Procedure of Anther Culture
There are following steps involved in the anther culture method:
- First, select the unopened buds of size about 17-22mm in length. Reject the buds that are beginning to open or already open. While selecting buds, the size of the sepal must be equal to the size of a petal, which is considered ideal for the anther culture.
- Transfer the buds into sterilized airtight plastic bags.
- Then, transfer the selected buds to the laminar airflow chamber.
- After that surface sterilization of buds is carried out in the chamber to maintain the aseptic conditions. Firstly, the buds are surface sterilized by 70% ethanol for 10 seconds and then 20% of sodium hypochlorite for 10 minutes.
- Then, wash the buds three times by the distilled water.
- After washing, transfer the buds to the sterilized Petri plate.
- Then, separate the stamen from the bud through a scalpel.
- Remove the filaments from an anther.
- After that, transfer an anther onto the solid or liquid nutrient medium and incubate it for 3-4 weeks at 24-28 ֯C in the dark.
- Then either by embryogenesis and organogenesis, haploid plantlets would appear from the anther culture within 3-4 weeks. During this stage, incubate the culture at 24-28 ֯C for 12-18 hours in light and 6-12 hours in the dark.
- At last, about 50mm tall plantlets will appear that are then transferred into the pot containing bio compost followed by washing. Then a sterilized glass beaker is used to cover the pot and remove the glass beaker after some week and transfer the plant to the large pot.
Factors Influencing Anther Culture
Some factors that influence the anther culture technique can be categorized into intrinsic and extrinsic factors.
Anther wall: It provides nourishment during the developmental stages of the anther.
Stage of Anther: For anther culture pre-mitotic, mitotic and post-mitotic stages of an anther is preferred. Pre-mitotic is the stage, in which the first meiotic division occurs in the anther and the pollens are at an immature stage. In the mitotic stage of an anther, there is the division of the pollen. The post-mitotic stage is the bi-cellular stage, where the development in pollen grains form embryoids.
Bud size: Its preferable size is up to the length of 17-22 mm.
Age of plant: The anther culture prefers the buds from the younger plants.
Culture medium: In the culture medium sucrose, iron, vitamins, coconut milk, hormones and growth regulators (auxins or cytokinins) play an essential role in the induction of haploid plant.
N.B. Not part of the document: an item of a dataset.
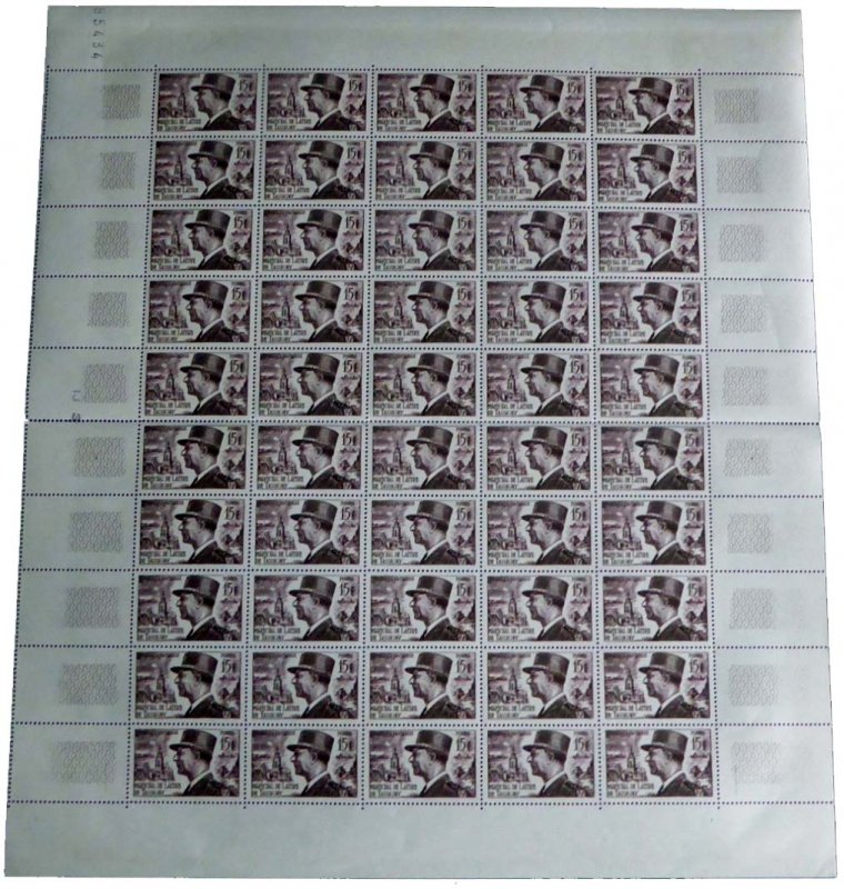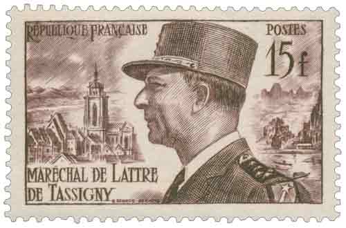 | Commentaire | Mis en vente en France à partir du 8 mai 1952 à Paris et à Mouilleron-en-Pareds, puis du 10 mai dans l’ensemble des bureaux du territoire, le timbre-poste à la gloire du Maréchal de Lattre de Tassigny s’inscrit dans les émissions commémoratives françaises honorant les grandes figures militaires contemporaines. Dessiné par Raoul Serres et gravé en taille-douce par Albert Decaris, ce timbre horizontal de 15 francs associe une iconographie symbolique à forte portée historique, évoquant à la fois la libération de Colmar, représentée par la collégiale Saint-Martin, et les pitons de Ninh Binh en Indochine, rappel du dernier commandement du général et du sacrifice de son fils. L’émission intervient quelques mois après la disparition de de Lattre de Tassigny, maréchal de France à titre posthume, et fait écho à son rôle déterminant dans la campagne de 1944-1945 à la tête de la 1ʳᵉ Armée française, jusqu’à la signature de la capitulation allemande à Berlin le 8 mai 1945. Affecté à l’affranchissement de la lettre simple pour l’intérieur, ce timbre associe usage postal courant et célébration d’une figure majeure de l’histoire militaire française du XXᵉ siècle.

Temperature: It varies with the different plant species. Example: In Datura stramonium, the optimum temperature is 20 ֯ C for the formation of embryoids. In Nicotiana tabacum, the optimum temperature is 25 ֯ C for the formation of embryoids. In Brassica campentris, the optimum temperature is much higher, i.e. 35 ֯ C for the formation of embryoids.
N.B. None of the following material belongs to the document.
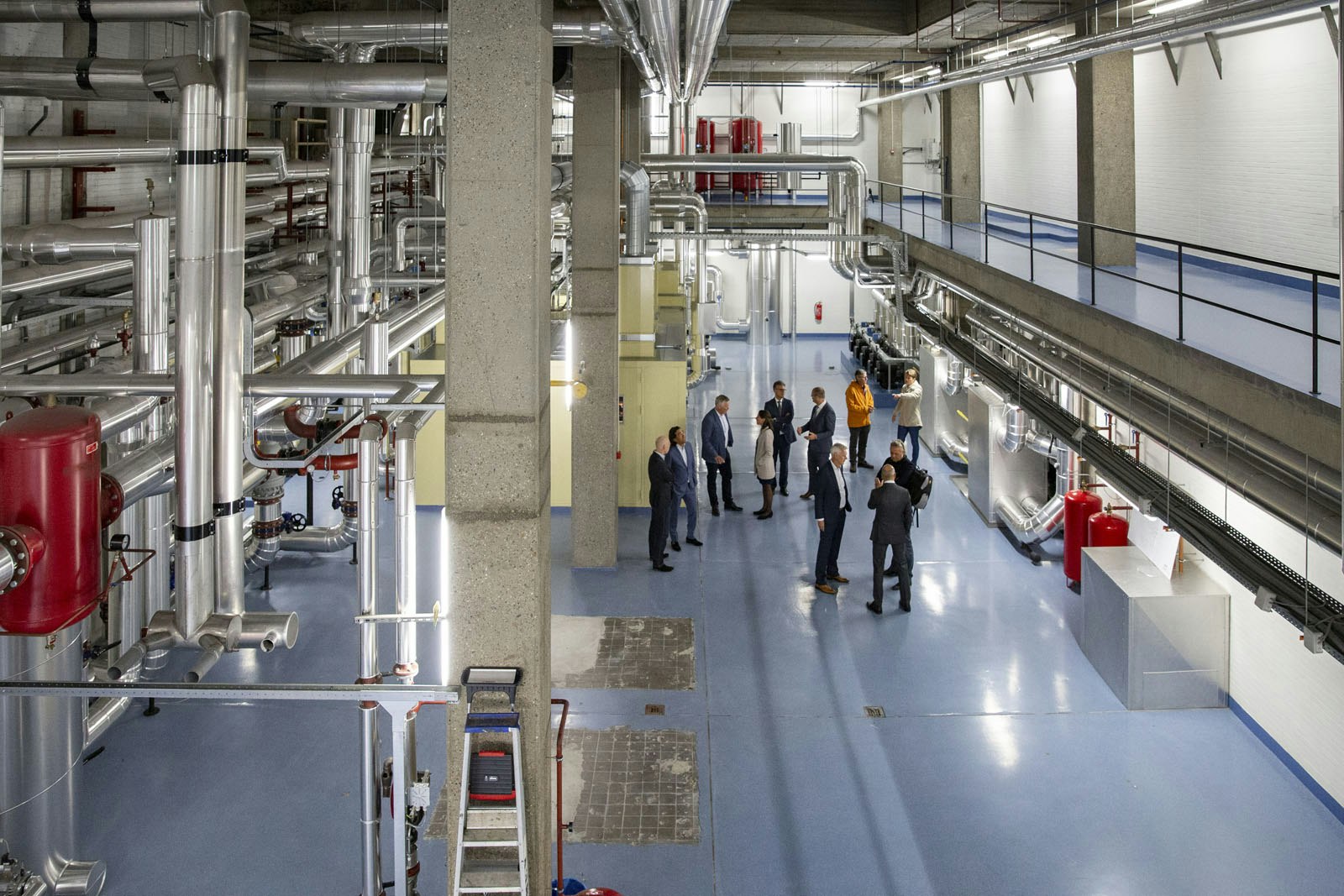 Midden in het kantoor, naast één van de vele werkvloeren, is een grote ruimte waar gigantische warmtepompen staan. Deze pompen zorgen ervoor dat het 84.000 m2 tellende kantoorpand CO-2 neutraal is. In dezelfde ruimte stonden voorheen de gasinstallaties waar ooit 14 miljoen kubieke meter gas doorheen ging.

Role of activated charcoal: Activated charcoal plays a vital role in the removal of inhibitory substances like both exo and endogenous growth hormones from the culture medium by stimulating anther growth.
Pre-treatment method: The pretreatment of bud is necessary for the production of embryoids. Example: In Nicotiana tabacum, the bud is pretreated at a temperature of 5 ֯ C for 72 hours.